Martial et Paul se retrouvent dans le bus après une journée de travail fatigante.

– Ce week-end, ce sera repos total, sans contrainte comme d’habitude ! J’espère que mon épouse aura fait travailler les enfants et que je pourrai regarder le match.

– Tu ne viens pas à la réunion mensuelle du cercle des familles ?

– J’ai déjà ma famille et mon travail, cela suffit.

– J’aimerais bien que tu m’aides pour le chapitre enfants du prochain pèlerinage, c’est à peine quelques heures de préparation, et trois jours ensemble, une fois par an.

– Tu n’y penses pas, je n’ai pas de temps. D’ailleurs c’est fatigant, d’autres seront meilleurs que moi pour cela…

La tentation de l’égoïsme nous guette et nous fait oublier que nous avons trois devoirs d’état principaux : devoir professionnel, devoir familial, devoir social.

Aucun ne peut être négligé sous prétexte qu’il faut réaliser les deux autres, bien que les proportions de temps et d’effort que nous allouons à l’un ou l’autre puissent varier en fonction des circonstances et des périodes de la vie.

« Il y a des familles en grand nombre où l’on est dévoués les uns à l’égard des autres, mais où l’on ne songe qu’au bien du petit groupe ainsi formé comme si les portes de la maison n’ouvraient pas sur des espaces plus larges, ainsi que ses fenêtres sur le ciel. On entend dire d’un homme « c’est un bon père de famille ». C’est bien, et il y a de la chance qu’il soit de ce fait même un bon citoyen, mais cela n’est pas certain. (…) Il y a un égoïsme à plusieurs, un égoïsme de groupe, et c’est un égoïsme quand même. On se croit généreux parce qu’on dépasse le bien de la personne ; mais en dressant l’intérêt de quelques-uns contre l’intérêt de tous, on peut nuire à la communauté plus que l’égoïsme individuel lui-même1. »

Parfois, nous nous plaignons, à juste titre, des maux de notre temps et attendons un temps meilleur. « Attendre ! Avez-vous remarqué qu’une foule de gens sont dans cette position et cet état d’esprit ? Et ils attendent quoi ? Que les évènements les délivrent ? Mais les évènements n’ont jamais délivré personne. Ce sont les gens de cœur qui délivrent les évènements et les inclinent dans le sens de leur volonté2. »

C’est aussi ce que rappelait Mgr Lefebvre en préfaçant le livre « Pour qu’Il règne3 » en 1959 : « Notre-Seigneur règnera dans la Cité, lorsque quelques milliers de disciples assidus de Notre-Seigneur et de l’Eglise seront convaincus par la grâce et par leur effort intellectuel de la Vérité qui leur est transmise, et que cette Vérité est une force divine capable de tout transformer. » Ne sommes-nous pas parmi ces quelques milliers ?

Ce devoir social est impératif d’une part parce que nous ne pouvons pas nous sauver seuls, d’autre part pour le salut des âmes, en particulier pour que nos enfants et petits-enfants bénéficient d’un monde meilleur que le nôtre.
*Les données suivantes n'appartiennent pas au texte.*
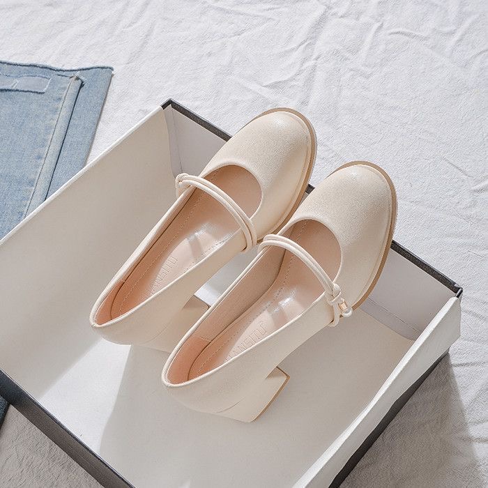 仙女風淑女單鞋 配裙子 女粗跟2025年春秋新款 真皮高跟瑪麗珍鞋由
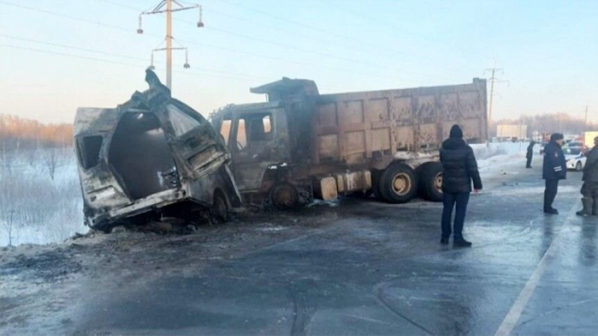 Погибли все, кто находился в машине. Фото: 5-tv.ru Страшная авария с участием машины скорой помощи произошла сегодня под Томском. Медики спешили на вызов к беременной женщине. Микроавтобус, ехавший по главной дороге, на полном ходу столкнулся с грузовиком, который вырулил со второстепенной. Сразу вспыхнул пожар. Погибли все, кто находился в машине. Помимо водителя и медсестры, скончалась заместитель главврача томского областного перинатального центра и заведующий отделением взрослой реанимации. Водитель грузовика в больнице, против него возбуждено уголовное дело.
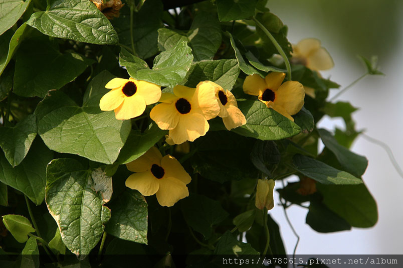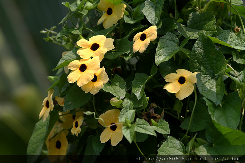 黑眼花,別名:翼葉山牽牛、翼葉老鴉嘴、黑眼蘇珊。原產
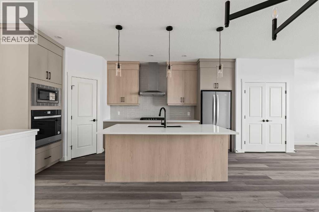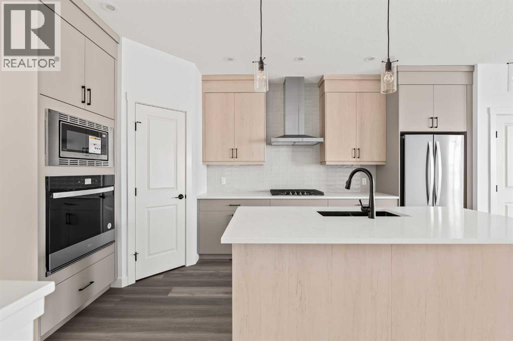 The Carlisle 2 is a thoughtfully designed home offering nearly 1,900 sq. ft. of beautifully planned living space, complete with 3 bedrooms, 2.5 bathrooms, a main floor office/flex room, an upper-level bonus room, and a full basement. Perfect for families or professionals, this home combines functionality with modern style. The open-concept main level is bright and inviting, with 9-foot ceilings, luxury vinyl plank flooring, and oversized front and rear windows that fill the home with natural light all day long. A versatile den/flex room on the main level makes the perfect home office, study, or playroom. At the heart of the home, the gourmet kitchen features full-height cabinetry, quartz countertops, a spacious corner pantry, and a large central island with a flush eating bar. A premium stainless steel appliance package is included, complete with a built-in oven and microwave, chimney hood fan, and cooktop. The kitchen overlooks both the dining area and the great room, making it the ideal space for entertaining or everyday family living. A rear entrance leads to the private backyard, complete with a BBQ gas line for everyday convenience and the main level is complete with a 2pc powder room. Upstairs, a central bonus room separates the spacious primary suite from the secondary bedrooms, providing privacy and flexibility. The sun-filled primary retreat includes a walk-in closet and a 4-piece ensuite with dual sinks and a walk-in shower. Two additional bedrooms, a full bathroom, and a convenient upper laundry room complete this level. The basement offers endless opportunities for future development, with 9’ foundation walls, rough-ins for a 4-piece bathroom and sink, oversized windows, and private backyard access via the side entrance. Located in the vibrant community of Seton, this brand-new home will be move-in ready this fall and is just steps from countless amenities and the South Calgary Health Campus. Builder warranty and Alberta New Home Warranty allow you to pu rchase with peace of mind - start enjoying your brand new home this fall! Note: Home is under construction. Photos are of a showhome model and not an exact representation of the property for sale. (id:51913)
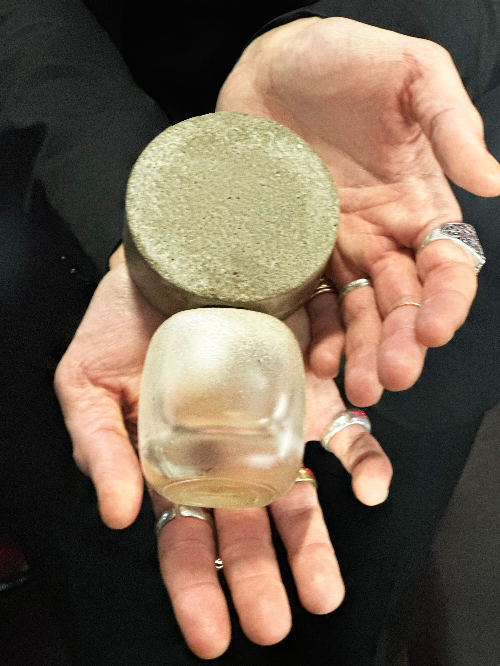 Samotný uzávěr, který vypadá jako dva kusy korodujícího kovu (nebo potenciálně kamene) s měděnými, červenými a hnědočernými skvrnami, má na boku zatlučený a ohnutý hřebík. Šokující je, že hřebík je zcela reálný, a dokonce i jeho špička je více než ostrá.

Plusieurs papes nous en rappellent le besoin, par exemple Pie XII : « De la forme donnée à la Société (je préciserais : et à toutes les associations humaines), conforme ou non aux lois divines, dépend et découle le bien ou le mal des âmes, c’est-à-dire le fait que les hommes, appelés tous à être vivifiés par la grâce du Christ, respirent, dans les contingences terrestres du cours de la vie, l’air sain et vivifiant de la vérité et des vertus morales ou, au contraire le microbe morbide et souvent mortel de l’erreur et de la dépravation4.» Pie XII dit aussi : « En conséquence, coopérer au rétablissement de l’ordre social, n’est-ce pas là, un DEVOIR SACRE pour TOUT chrétien ? » Alors que faire ?

Il nous indique les domaines où nous pouvons exercer notre action :                          « Le mot d’ordre doit être : pour la foi, pour le Christ, dans toute la mesure du possible, présence partout où sont en cause les intérêts vitaux, où sont en délibération les lois qui regardent le culte de Dieu, le mariage, la famille, l’école, l’ordre social, partout où se forge l’éducation, l’âme d’un peuple5. »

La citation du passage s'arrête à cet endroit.